表2 飛行高度為9 m的環境背景CO2濃度分布
通過監測數據發現,在實驗場的9 m高的斷面下,CO2濃度最高值為483 mg/kg,最低值為430 mg/kg平均濃度為449 mg/kg,監測數據的標準差為15。相較于5 m斷面的46 mg/kg的波動幅度9 m斷面的波動幅度達到53 mg/kg,相對穩定性略微較低,但總體濃度相較于5 m斷面有所較低,平均濃度相差了23 mg/kg。
1.1.3 飛行高度為13 m的環境背景值監測和CO2垂直濃度監測 在進行13 m斷面層的環境背景值監測的過程中沒有完全按照預設航線進行飛行,在飛行半個斷面后在垂直高度上不斷拉高高度至40 m左右,分別在多個高度下獲取了CO2濃度值,濃度分布如表3所示。

表3 飛行高度為13 m的環境背景CO2濃度分布
在13 m的斷面層下, CO2濃度最高值為473 mg/kg,最低值為420 mg/kg,平均濃度為448 mg/kg,13 m下波動幅度為53 mg/kg與9 m斷面層的波動幅度一樣,但通過監測數據標準差發現,13 m斷面層的背景濃度數據的標準差要高于9 m斷面層,但平均濃度有所降低且與9 m高度的斷面層濃度相近。

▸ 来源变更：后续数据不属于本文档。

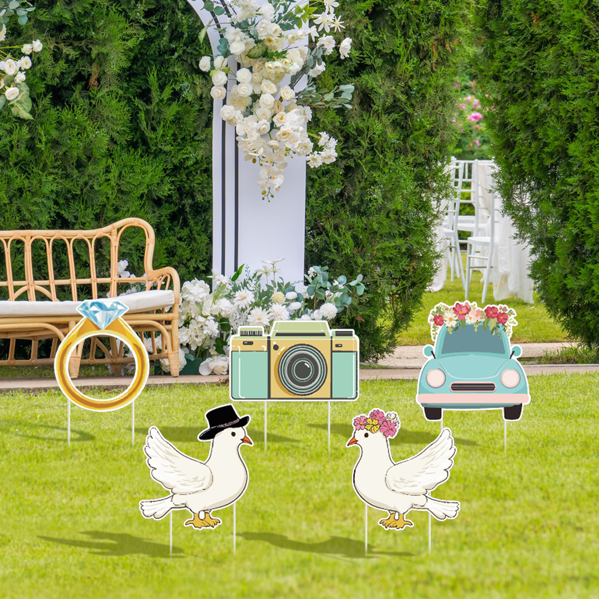 Wedding Party Decorations : The set of White wedding outdoor yard decor is very suit for wedding theme party for any season.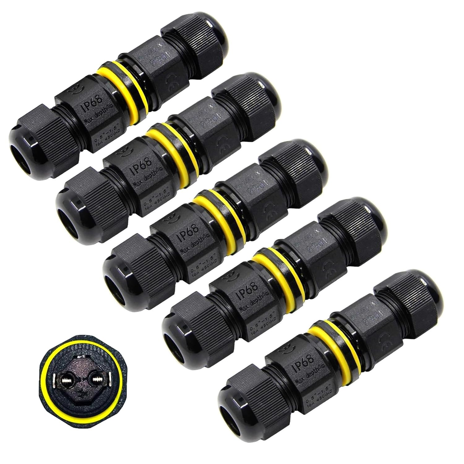 Temeloko IP68 Waterproof Cable Connector delivers high-performance protection for all kinds of outdoor and underwater electrical connections. Made from flame‑retardant PA66 nylon, featuring a silicone O‑ring and twist-lock cap, it ensures a dustproof and watertight seal every time. Perfect for: Outdoor garden and landscape lighting Solar panel or LED strip wiring Underground or outdoor irrigation and pump connections Outdoor signage or billboard power feeds Technical Specifications: IP Rating: IP68 (dust-tight and permanent immersion safe) Wire Diameter Range: 4–10 mm Configuration: 2‑way / 2‑pin cable connection Electrical Rating: Up to 450 V / 16–24 A Material: PA66 nylon, UV-resistant, flame-retardant Operating Temperatures: –40 °C to 105 °C Why Temeloko? Eliminates leaks with robust waterproof sealing Installs quickly without tools Compatible across multiple cable sizes Backed by responsive support and hassle‑free replacements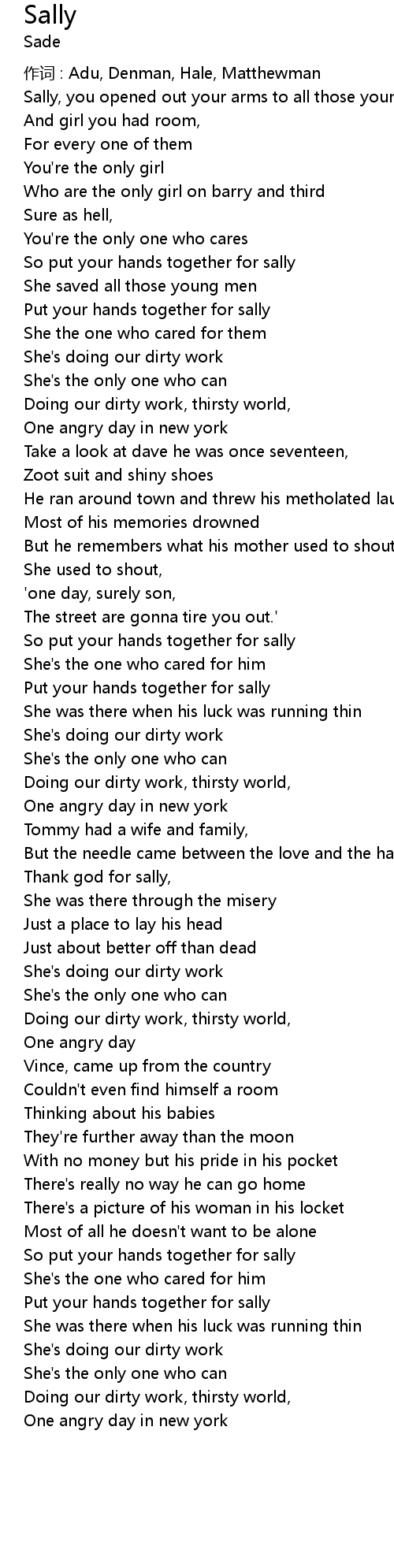 | 作词 : Adu, Denman, Hale, Matthewman | |
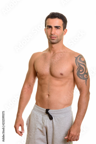 Fototapeta premium Portrait of young handsome Persian man shirtless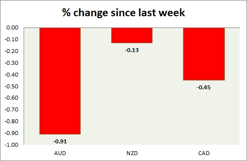 Strength meter (since last week) – Aussie -0.91%, Kiwi -0.13%, Loonie -0.45%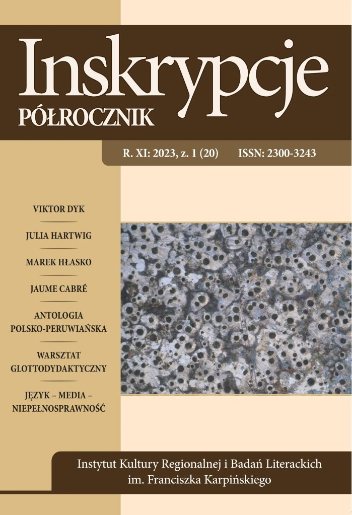 Zapraszamy do lektury oraz zakupu najnowszego numeru czasopisma „Inskrypcje” (2023, z. 1). W numerze odnaleźć można artykuły i szkice poświęcone współczesnym zjawiskom literackim, a także językoznawczym. Znaczna część zeszytu poświęcona jest zagadnieniom glottodydaktycznym.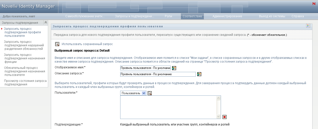 По умолчанию вкладка Соблюдение показывает страницу процесса запроса на подтверждение профиля пользователя.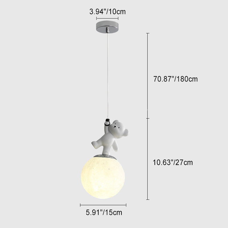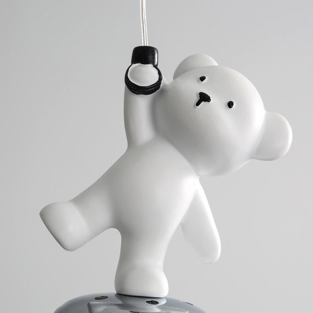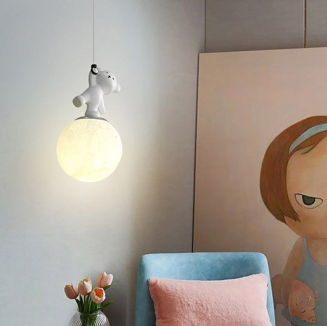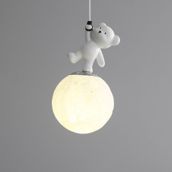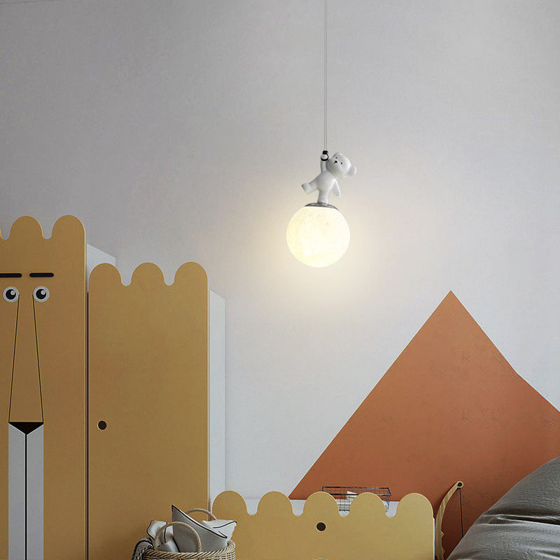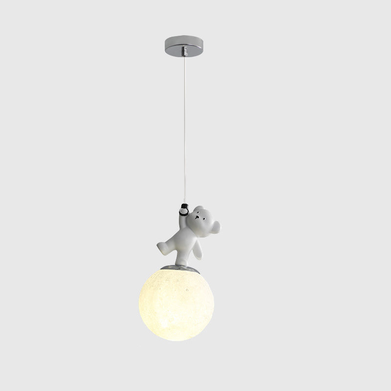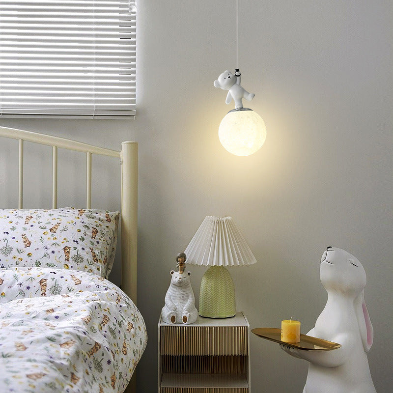 مصباح معلق عصري على شكل دب نورديك على شكل كرة مستديرة من الراتنج والزجاج والحديد، 1 مصباح معلق بجانب السرير

表4為同一位置不同高度下的CO2濃度分布。由表4可知,在同一位置不同高度下的CO2濃度變化幅度較小,最高值濃度出現在31.9 m的高度下為486 mg/kg,最小值為15 m的高度下的453 mg/kg。

表4 同一位置不同高度下CO2垂直濃度分布
通過多個斷面的環境背景值監測發現,在同樣的條件下試驗場內的CO2濃度隨著高度在不斷變化,從3個斷面層的平均濃度的角度來看,隨著高度的升高,環境中的CO2濃度降低,可能與CO2本身具有沉降性有關,但是以某個高度點的一個濃度數據對比發現濃度與高度的關系不是很明顯,究其原因可能是試驗場相對較小,無人機旋翼對試驗場的空氣流動造成了很大的擾動,導致飛行過程中監測到的是一個相對不穩定的空氣場,但是在實際監測過程中同樣存在無人機旋翼的干擾,同樣條件下的背景值才更具有參考意義;通過斷面層監測數據的標準差發現隨著高度的增加,監測數據的離散程度升高,可能是斷面層越高大氣環境越不穩定導致的。普遍認為在全球環境中,CO2在空氣中的含量在380~390 mg/kg,由于試驗場所處位置周圍有多處高層建筑和居民點,人類活動頻繁且試驗當天環境污染程度較高,霧霾嚴重,風速較小等原因導致試驗場CO2濃度處于較高水平。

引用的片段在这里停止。